La musique moderne - 1ère moitié du XXème siècle
De nouvelles voies
A la fin du XIXème siècle des compositeurs tentent d’explorer de nouvelles voies dans la composition musicale. Se dégagent ainsi quelques lignes directrices fortes dans la manière de concevoir la musique.
Remise en cause du système tonal
Depuis la Renaissance, la musique occidentale est fondée sur ce que l’on appelle le système tonal avec un ensemble de règles et de lois régissant la manière d’écrire des mélodies et de les harmoniser.
Complément sur le système tonal
Le système tonal est caractérisé par un ensemble de 7 notes, dont notre fameuse gamme de Do est le modèle, notes qui entretiennent entre elles des rapports particuliers :- Les écarts « musicaux » entre les notes ne sont pas tous équivalents. En musique occidentale, le plus petit écart musical utilisé est le ½ ton.
Voici quels sont les écarts musicaux entre les notes de notre gamme de Do :
- Lorsque l’on utilise ces notes dans le but d’écrire une mélodie, elles exercent entre elles des phénomènes de tension et de détentes qui tendent à « imposer » à l’oreille l’utilisation de certaines d’entre elles plutôt que d’autres. La première de ces notes de la gamme (appelée tonique) et la cinquième (appelée dominante) jouent un rôle fondamental.

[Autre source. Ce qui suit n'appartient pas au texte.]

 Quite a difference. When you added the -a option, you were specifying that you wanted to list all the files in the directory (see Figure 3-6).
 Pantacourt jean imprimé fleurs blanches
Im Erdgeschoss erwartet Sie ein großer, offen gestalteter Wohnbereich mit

Voici une mélodie de 5 notes jouée en partant de la tonique. Les quatre premières sont toujours les mêmes : I III V VI (les chiffres romains représentant la position de la note dans la gamme, I est la première note, III est la troisième etc.)
Seule la dernière note jouée change. Ecoutez les effets produits :
La dernière note jouée est la note de degré I
La dernière note jouée est la note de degré II
La dernière note jouée est la note de degré III
La dernière note jouée est la note de degré IV
La dernière note jouée est la note de degré V
La dernière note jouée est la note de degré VI
La dernière note jouée est la note de degré VII
Certaines lignes mélodiques donnent la sensation d’une phrase mélodique complète, tandis que d’autres appellent une suite ou bien encore ne donnent pas le sentiment d’une mélodie mais d’une simple suite de notes sans cohésion.

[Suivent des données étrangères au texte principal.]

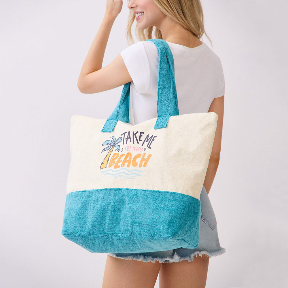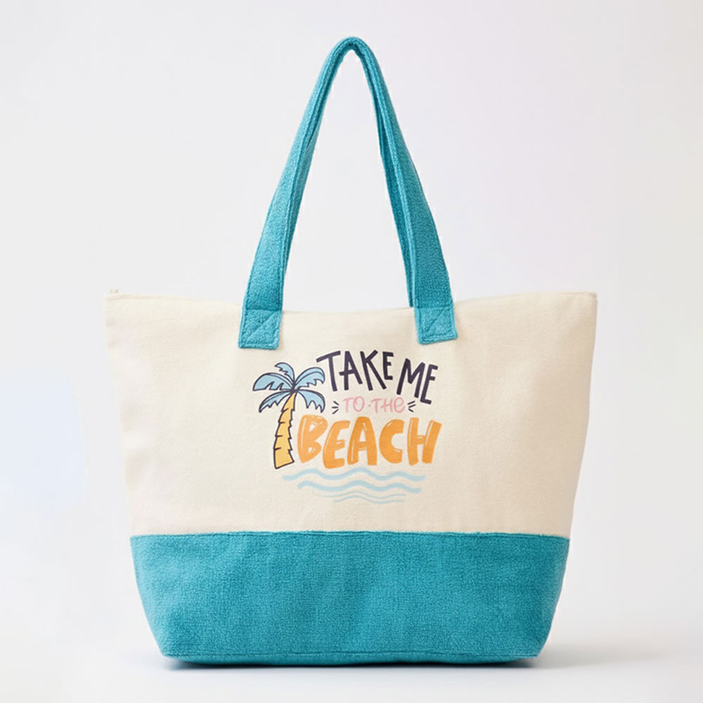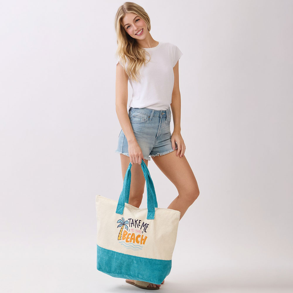 Details • Size : 22" X 16" X 6" • Inner Pocket • Zipper Closure • Material : 80% Polyester, 20% Polyamide • Beach inspired graphic tote bag featuring a playful “Take Me to the Beach” message. Designed for beach days, poolside outings, shopping, or vacation travel, this spacious carryall easily holds daily essentials while adding a relaxed coastal vibe to warm weather looks.
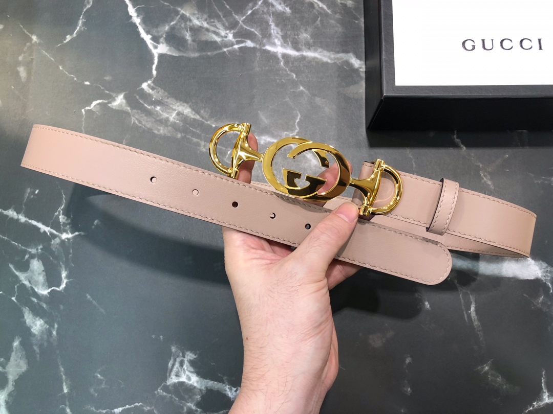 New black leather belt with new interlocking G horsebit, which integrates two classic logos of the brand. Width 3cm ZP size ZP open version. Specialized counter model 2408114009
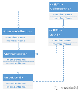 从上面的结构图可以看出,集合框架的主题架构其实是以类为主体的,而不是接口。如果知道类、抽象类和接口之间的区别与联系,就能明白这里引入抽象类的原因。简单地说,如果不引入抽象类,每个具有Collection接口属性的类别都必须自己去实现该接口中的10多个方法,通过让类别直接继承自AbstractCollection这个抽象类,去除了重复代码。
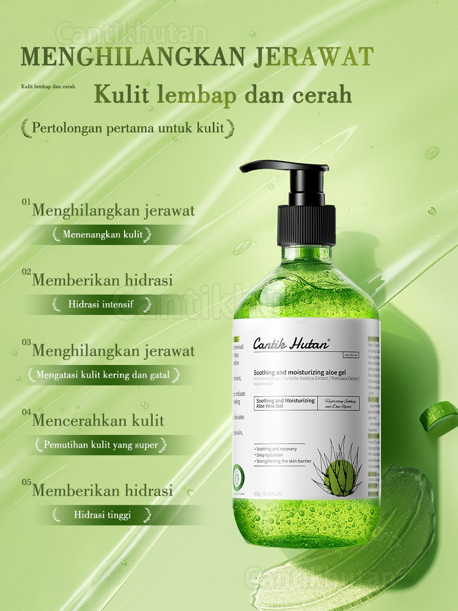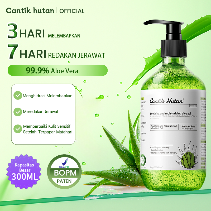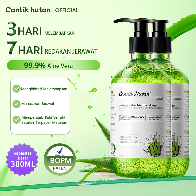 Cantik Hutan Aloe Vera Gel 300ml Menenangkan Meredakan Sunburn Memperbaiki Kulit Rusak Aman Untuk Kulit Sensitif

Afin d’enrichir, d’élargir l’univers musical, des compositeurs tentent de dépasser ce système. Claude Debussy fit usage de gammes dont les notes sont séparées par des tons entiers et non des demi-tons.
Voici un exemple de gamme de 6 notes, toutes séparées par un ton entier.
Ecoutez l’effet produit.
On entend nettement des montées et descentes de notes d’une telle gamme dans le morceau suivant.
Claude Debussy – Images - Cloches à travers les feuilles - John Anderson
Enregistrement libre de droits
Ravel n’hésitait pas à faire appel aux dissonances, c’est-à-dire à jouer ensemble des notes dont l’association n’est pas considérée comme harmonieuse dans le système tonal.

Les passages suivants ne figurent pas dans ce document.